= WORK INSTRUCTION =
The data below is to be written out exactly, with no pictures.

= DATA BELOW =
-*-*-

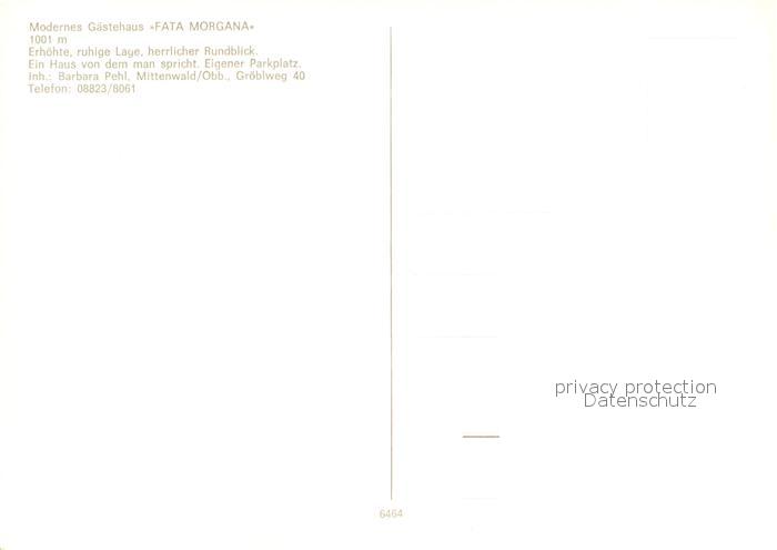 73722322 Mittenwald Bayern Gaestehaus Fata Morgana Teilansichten Aussen postalisch nicht gelaufen Erhaltung siehe scans [LiesaD40] KatCode: 11110009180123
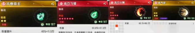 3.元素流 战技上,火焰随身的保质期很长,品质高可以一直用,而剑风狂舞和流刃火舞也不必多说,都是四转的输出支柱。 五转新技能炎阳风暴虽然被砍了一刀,但表现依旧不错,品质高也很好用。 被动则选择暴击暴伤+强袭+极速对决,在暴击足够后,可以把洞察心眼换成红莲战意。这个玩法适合四转强袭抽的比较高的玩家。
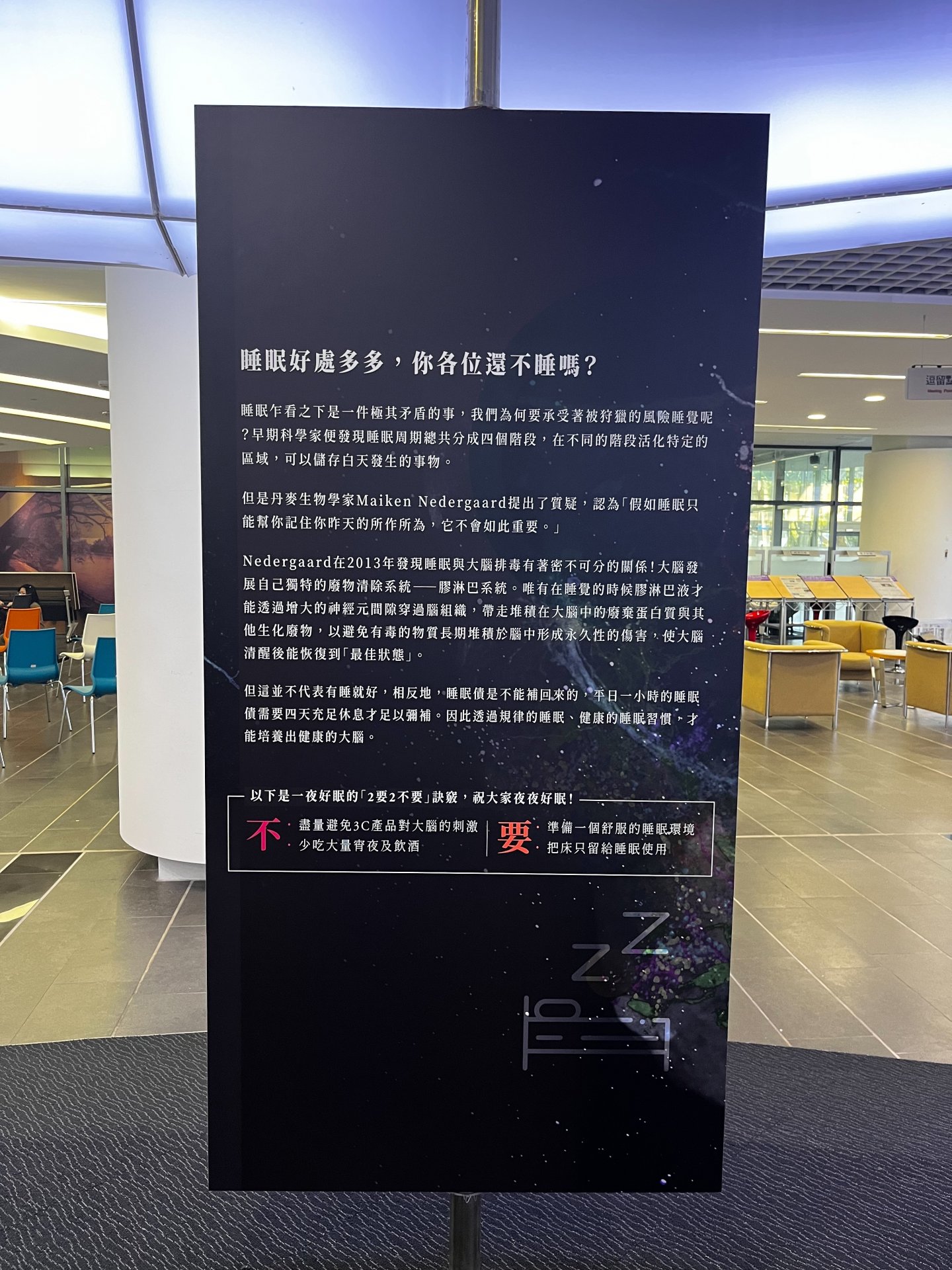 因此,尼德佳德在2013年發現睡眠與大腦排毒有著密不可分的關係!我們了解大腦中的蛋白質廢物的積累將會導致神經退化疾病,例如:阿茲海默症、帕金森氏症等。人體有淋巴系統為我們身體處理廢物,但是對於大腦,淋巴系統卻鞭長莫及,因此大腦發展自己獨特的廢物清除系統──膠淋巴系統。而唯有在睡覺的時候膠淋巴液才能透過增大的神經元間隙,輕易地穿過腦組織,帶走堆積在大腦中的廢氣蛋白質與其他生化廢物,以避免有毒的物質長期堆積於腦中形成永久性的傷害。

-*-*-

= ANSWER SECTION =
 73722322 Mittenwald Bayern Gaestehaus Fata Morgana Teilansichten Aussen postalisch nicht gelaufen Erhaltung siehe scans [LiesaD40] KatCode: 11110009180123
 3.元素流 战技上,火焰随身的保质期很长,品质高可以一直用,而剑风狂舞和流刃火舞也不必多说,都是四转的输出支柱。 五转新技能炎阳风暴虽然被砍了一刀,但表现依旧不错,品质高也很好用。 被动则选择暴击暴伤+强袭+极速对决,在暴击足够后,可以把洞察心眼换成红莲战意。这个玩法适合四转强袭抽的比较高的玩家。
 因此,尼德佳德在2013年發現睡眠與大腦排毒有著密不可分的關係!我們了解大腦中的蛋白質廢物的積累將會導致神經退化疾病,例如:阿茲海默症、帕金森氏症等。人體有淋巴系統為我們身體處理廢物,但是對於大腦,淋巴系統卻鞭長莫及,因此大腦發展自己獨特的廢物清除系統──膠淋巴系統。而唯有在睡覺的時候膠淋巴液才能透過增大的神經元間隙,輕易地穿過腦組織,帶走堆積在大腦中的廢氣蛋白質與其他生化廢物,以避免有毒的物質長期堆積於腦中形成永久性的傷害。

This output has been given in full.